> **Work instructions**: Search the data for the string "that", and report each line where it is found.

(Stored items from a collection)
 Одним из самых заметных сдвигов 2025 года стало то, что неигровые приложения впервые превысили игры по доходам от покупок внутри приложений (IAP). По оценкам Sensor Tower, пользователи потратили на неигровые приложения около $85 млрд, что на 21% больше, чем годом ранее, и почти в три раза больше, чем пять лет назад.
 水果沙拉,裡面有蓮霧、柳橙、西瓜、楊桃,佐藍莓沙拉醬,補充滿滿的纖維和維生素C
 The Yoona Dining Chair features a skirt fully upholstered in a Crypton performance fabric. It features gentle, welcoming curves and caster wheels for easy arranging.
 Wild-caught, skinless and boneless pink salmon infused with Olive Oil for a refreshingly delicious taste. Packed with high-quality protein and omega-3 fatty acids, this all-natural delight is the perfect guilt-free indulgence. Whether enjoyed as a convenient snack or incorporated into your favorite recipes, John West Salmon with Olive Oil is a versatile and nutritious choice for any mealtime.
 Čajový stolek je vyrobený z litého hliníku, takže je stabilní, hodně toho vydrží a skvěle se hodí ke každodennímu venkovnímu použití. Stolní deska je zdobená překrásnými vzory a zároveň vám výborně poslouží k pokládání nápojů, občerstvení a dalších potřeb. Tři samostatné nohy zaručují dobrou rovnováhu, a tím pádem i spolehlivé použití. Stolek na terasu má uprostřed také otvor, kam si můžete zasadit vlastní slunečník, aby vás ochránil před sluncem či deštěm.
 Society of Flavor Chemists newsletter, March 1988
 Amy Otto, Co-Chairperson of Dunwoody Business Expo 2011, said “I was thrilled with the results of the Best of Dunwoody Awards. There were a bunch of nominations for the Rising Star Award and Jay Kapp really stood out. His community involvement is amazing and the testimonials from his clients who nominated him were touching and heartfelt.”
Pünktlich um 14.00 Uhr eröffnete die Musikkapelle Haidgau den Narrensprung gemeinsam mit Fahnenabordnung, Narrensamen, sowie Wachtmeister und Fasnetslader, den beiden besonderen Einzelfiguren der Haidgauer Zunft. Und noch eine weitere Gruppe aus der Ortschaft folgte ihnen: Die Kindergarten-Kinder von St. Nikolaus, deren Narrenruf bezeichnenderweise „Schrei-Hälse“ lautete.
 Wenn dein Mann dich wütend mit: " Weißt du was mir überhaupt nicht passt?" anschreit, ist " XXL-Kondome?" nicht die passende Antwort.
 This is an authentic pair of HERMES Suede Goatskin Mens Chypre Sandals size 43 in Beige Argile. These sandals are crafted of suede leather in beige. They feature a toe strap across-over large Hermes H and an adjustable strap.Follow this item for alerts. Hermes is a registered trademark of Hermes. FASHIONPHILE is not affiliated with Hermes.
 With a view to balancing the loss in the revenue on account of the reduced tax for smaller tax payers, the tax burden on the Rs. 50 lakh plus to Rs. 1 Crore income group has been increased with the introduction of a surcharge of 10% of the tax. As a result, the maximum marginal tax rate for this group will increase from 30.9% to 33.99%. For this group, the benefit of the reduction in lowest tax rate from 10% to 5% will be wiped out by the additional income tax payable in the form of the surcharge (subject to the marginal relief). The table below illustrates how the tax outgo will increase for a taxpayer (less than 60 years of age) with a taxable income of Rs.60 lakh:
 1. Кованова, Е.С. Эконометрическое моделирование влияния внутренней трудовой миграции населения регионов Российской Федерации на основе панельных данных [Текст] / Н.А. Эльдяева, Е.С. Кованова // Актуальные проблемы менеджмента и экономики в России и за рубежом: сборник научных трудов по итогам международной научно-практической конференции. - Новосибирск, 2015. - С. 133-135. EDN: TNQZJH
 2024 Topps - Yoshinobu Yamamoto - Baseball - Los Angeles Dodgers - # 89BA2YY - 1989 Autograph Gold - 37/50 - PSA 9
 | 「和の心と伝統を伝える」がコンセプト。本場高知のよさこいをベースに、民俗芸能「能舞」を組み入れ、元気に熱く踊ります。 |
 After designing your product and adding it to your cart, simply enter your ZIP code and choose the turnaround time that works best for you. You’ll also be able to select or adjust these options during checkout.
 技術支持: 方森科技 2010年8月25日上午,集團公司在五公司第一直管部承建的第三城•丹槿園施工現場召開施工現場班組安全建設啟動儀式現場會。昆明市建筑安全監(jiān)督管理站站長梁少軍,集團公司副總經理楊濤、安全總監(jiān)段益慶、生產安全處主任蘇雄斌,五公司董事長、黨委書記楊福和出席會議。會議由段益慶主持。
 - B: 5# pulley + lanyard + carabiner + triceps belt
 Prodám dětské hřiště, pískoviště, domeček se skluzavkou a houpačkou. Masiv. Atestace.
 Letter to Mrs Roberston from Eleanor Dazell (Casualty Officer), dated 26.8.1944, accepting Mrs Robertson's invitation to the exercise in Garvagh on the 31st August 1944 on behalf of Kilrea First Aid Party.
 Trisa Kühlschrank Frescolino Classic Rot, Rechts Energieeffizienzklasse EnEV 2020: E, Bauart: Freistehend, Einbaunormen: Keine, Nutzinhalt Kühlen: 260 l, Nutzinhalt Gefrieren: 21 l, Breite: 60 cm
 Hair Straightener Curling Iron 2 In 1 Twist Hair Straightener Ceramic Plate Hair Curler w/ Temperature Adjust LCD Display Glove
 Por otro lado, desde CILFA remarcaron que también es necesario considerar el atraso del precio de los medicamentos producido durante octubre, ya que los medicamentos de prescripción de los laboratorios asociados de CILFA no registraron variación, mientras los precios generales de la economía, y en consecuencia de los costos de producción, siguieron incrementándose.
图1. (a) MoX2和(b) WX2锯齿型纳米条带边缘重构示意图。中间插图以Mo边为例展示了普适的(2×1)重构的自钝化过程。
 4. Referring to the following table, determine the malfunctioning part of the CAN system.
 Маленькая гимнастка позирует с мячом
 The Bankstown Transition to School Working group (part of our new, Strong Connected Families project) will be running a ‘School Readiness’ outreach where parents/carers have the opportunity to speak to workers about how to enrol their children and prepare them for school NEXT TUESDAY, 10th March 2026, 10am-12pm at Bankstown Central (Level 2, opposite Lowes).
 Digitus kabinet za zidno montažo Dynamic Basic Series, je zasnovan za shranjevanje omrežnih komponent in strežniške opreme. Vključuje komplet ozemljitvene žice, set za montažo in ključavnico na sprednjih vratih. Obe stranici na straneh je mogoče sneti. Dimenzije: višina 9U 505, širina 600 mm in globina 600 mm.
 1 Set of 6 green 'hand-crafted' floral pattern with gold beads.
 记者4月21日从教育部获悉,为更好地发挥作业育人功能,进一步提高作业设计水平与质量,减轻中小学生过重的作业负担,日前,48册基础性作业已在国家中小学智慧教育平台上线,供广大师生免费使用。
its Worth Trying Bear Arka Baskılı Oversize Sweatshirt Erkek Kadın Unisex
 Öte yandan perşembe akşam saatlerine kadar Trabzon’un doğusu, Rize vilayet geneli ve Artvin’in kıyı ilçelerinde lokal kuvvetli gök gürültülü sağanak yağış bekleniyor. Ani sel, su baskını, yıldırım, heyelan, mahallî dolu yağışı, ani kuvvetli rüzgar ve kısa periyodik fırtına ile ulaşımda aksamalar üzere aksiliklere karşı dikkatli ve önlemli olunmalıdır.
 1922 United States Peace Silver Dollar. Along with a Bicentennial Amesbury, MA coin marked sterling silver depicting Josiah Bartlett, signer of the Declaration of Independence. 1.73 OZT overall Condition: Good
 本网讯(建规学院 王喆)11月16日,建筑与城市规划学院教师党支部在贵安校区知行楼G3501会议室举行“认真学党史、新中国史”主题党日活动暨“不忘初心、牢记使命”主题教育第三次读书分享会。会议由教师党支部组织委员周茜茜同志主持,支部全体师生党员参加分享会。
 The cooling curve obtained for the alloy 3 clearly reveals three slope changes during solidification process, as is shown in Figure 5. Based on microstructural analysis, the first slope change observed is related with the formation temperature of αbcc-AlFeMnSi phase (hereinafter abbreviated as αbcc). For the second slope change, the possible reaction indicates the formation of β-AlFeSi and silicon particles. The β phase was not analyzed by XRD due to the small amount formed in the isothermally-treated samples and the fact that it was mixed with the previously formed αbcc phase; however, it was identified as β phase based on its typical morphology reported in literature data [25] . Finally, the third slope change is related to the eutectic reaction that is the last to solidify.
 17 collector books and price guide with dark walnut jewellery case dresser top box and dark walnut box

> **Finished task**:
 After designing your product and adding it to your cart, simply enter your ZIP code and choose the turnaround time that works best for you. You’ll also be able to select or adjust these options during checkout.
 The cooling curve obtained for the alloy 3 clearly reveals three slope changes during solidification process, as is shown in Figure 5. Based on microstructural analysis, the first slope change observed is related with the formation temperature of αbcc-AlFeMnSi phase (hereinafter abbreviated as αbcc). For the second slope change, the possible reaction indicates the formation of β-AlFeSi and silicon particles. The β phase was not analyzed by XRD due to the small amount formed in the isothermally-treated samples and the fact that it was mixed with the previously formed αbcc phase; however, it was identified as β phase based on its typical morphology reported in literature data [25] . Finally, the third slope change is related to the eutectic reaction that is the last to solidify.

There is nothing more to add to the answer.